One factor that must weigh heavily in Beijing is the political cost of failure. If China were to attack Taiwan and fail to achieve the military aims, would the current regime survive? Would the present leadership be replaced by a different set of leaders? Or would this be a signal to replace the Communist Party of China altogether? These are very high stakes indeed. Reflecting this point onto the war in Ukraine, could we be seeing the endgame for President Putin?
The response of the US and European allies has been to detach Russia from the global economy. We have yet to see how successful that will be. Russia has not been abandoned by its Asian allies - China, Iran, and India - but the sanctions have started to have an impact. Since 2014, President Putin has focussed on building a siege economy that is disconnected from the global economy to a larger extent. We shall now see how successful that policy will be. The freezing and seizure of Russian assets in Europe and America has changed the game somewhat. It is inconceivable the China isn't taking note here.
For decades China has recycled its trade surpluses into US Treasury bonds. If these can be frozen and seized at short notice, that suggests that America is an unreliable partner to financial counter-parties. For the last five years, we have seen China re-cycling the US Treasury holdings into US Dollar loans to emerging nations. That process is likely to accelerate in order for China to diversify the overseas portfolio away from the US. It will lessen Chinese vulnerability to the US seizure of Chinese financial assets in the US. However, it has a knock on effect that might ultimately act to the detriment of America. If the US gains a reputation for being an unreliable banker - limiting convertibility, refusing repayment, seizing assets in custody - then the US will lose it's appeal as an international financial safe haven. This will hasten the decline of the US Dollar as the global reserve currency.

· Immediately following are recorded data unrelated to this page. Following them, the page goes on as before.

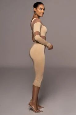 They’ll only have eyes for you when wearing the Tan Eyes For You Midi Dress. Designed in a captivating mix of mesh and soft jersey, this classy one shoulder midi dress features mesh panels in a modern asymmetrical pattern going across the front/back top waist. Stretchy. Double lined.
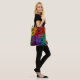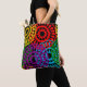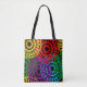This tote bag has a Black History design of large circles formed from raindrop shapes and circles in red, yellow, purple, green, and turquoise.
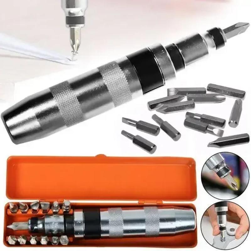 Набор ударных отверток 14 предметов с переходником и битами, ударно-поворотная отвертка 1/2" Набор ударных отверток из 14 предметов. Impact lot AND - надежный и практичный инструмент, идеально подходящий как для профессионалов, так и для домашних мастеров. Все элементы набора изготовлены из высококачественной хромо-ванадиевой стали, устойчивой к износу и нагрузкам. Эргономичная накатанная ручка отлично ложится в руку и не скользит во время работы, обеспечивая надежный захват. Удобная пластиковая упаковка делает хранение и транспортировку максимально комфортной. Преимущества: Ударно-поворотная отвертка с реверсом Прочная сталь Cr-V - высокая износостойкость. Ручка с накаткой - крепкий захват и контроль. Универсальные насадки - крестовые и шлицевые биты. Удобная упаковка для хранения и переноски Подходит для демонтажа прикипевших и ржавых винтов. Совместимость с битами 1/2" через переходник Характеристики: Тип: ударно-поворотная отвертка с комплектом бит Материал: хромо-ванадиевая сталь (Cr-V) Длина бит: 35 мм и 75 мм. Крепление: 1/2 дюйма Назначение: откручивание заржавевших винтов. Упаковка: пластиковый кейс Вес набора: ~1 кг
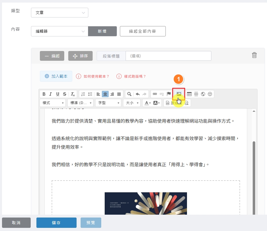 🚀 操作路徑: 文章內的編輯器 ❯ 游標放置在想要插入圖片的地方 ❯ 點選上方工具列「影像工具」按鈕
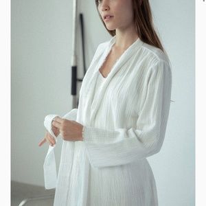 This soft organic cotton gauze robe has a raw-edge detail along the neckband and hems. Front opening and slightly oversized, it can be adjusted to your fit. Comfortable side seam pockets and a separate tie.
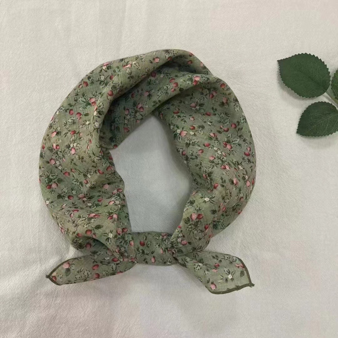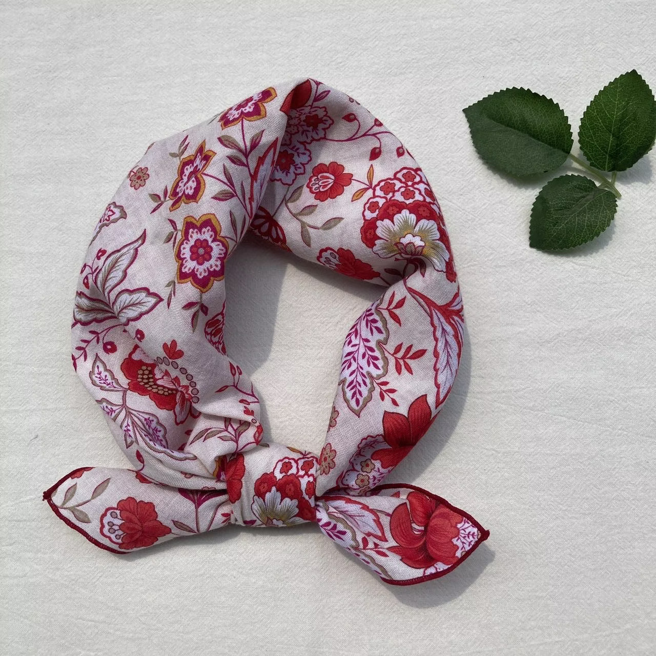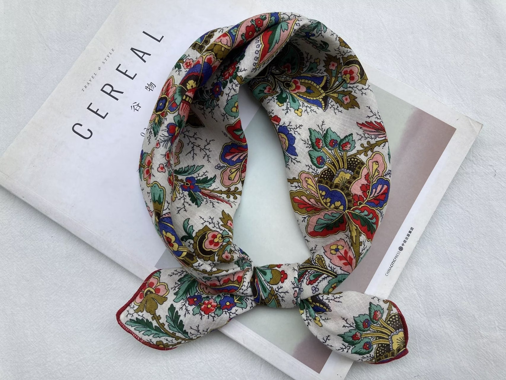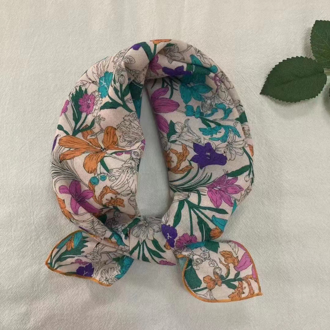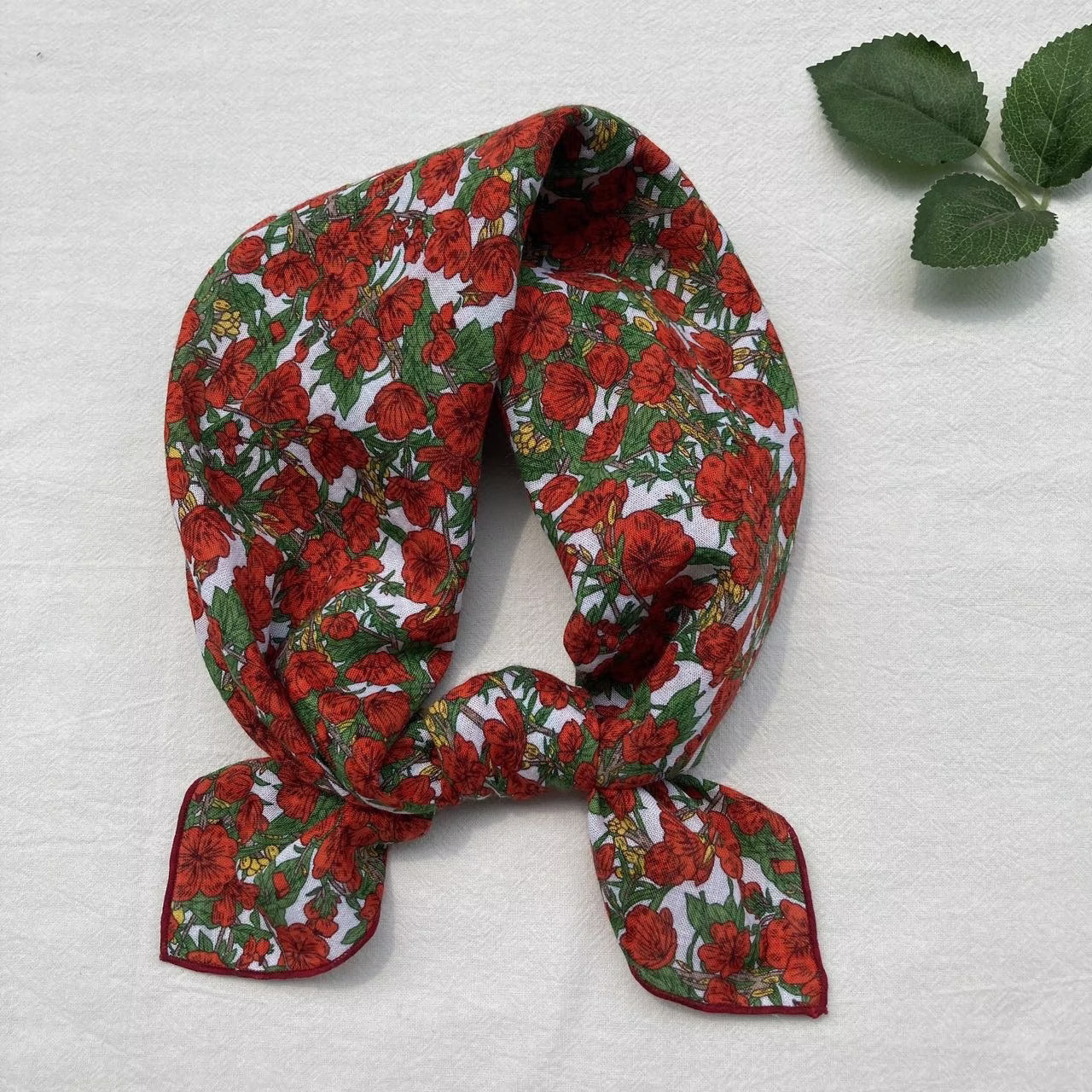 스카프 스카프 여성 원래 디자인 코튼 리넨 작은 광장 스카프 달콤한 목가적 인 꽃 스카프 경량 통기성 선스크린 헤드 스카프

China has seen this and has acted in two ways. The first is a policy of increasing self-reliance. Whilst not a fully fledged siege economy in the style of Russia, China has followed a policy of dual circulation, which draws a distinction between the economy at home and the economy abroad. The former has been developed, whilst the latter has taken on a more strategic dimension in recent years. Allied to this is the second core policy, that of restricting the convertibility of the Renminbi. China's financial system is not sufficiently robust for the Renminbi to develop into a fully fledged reserve currency. Whether it ever will is an interesting question. For now, China is content to allow the US Dollar to retain that status.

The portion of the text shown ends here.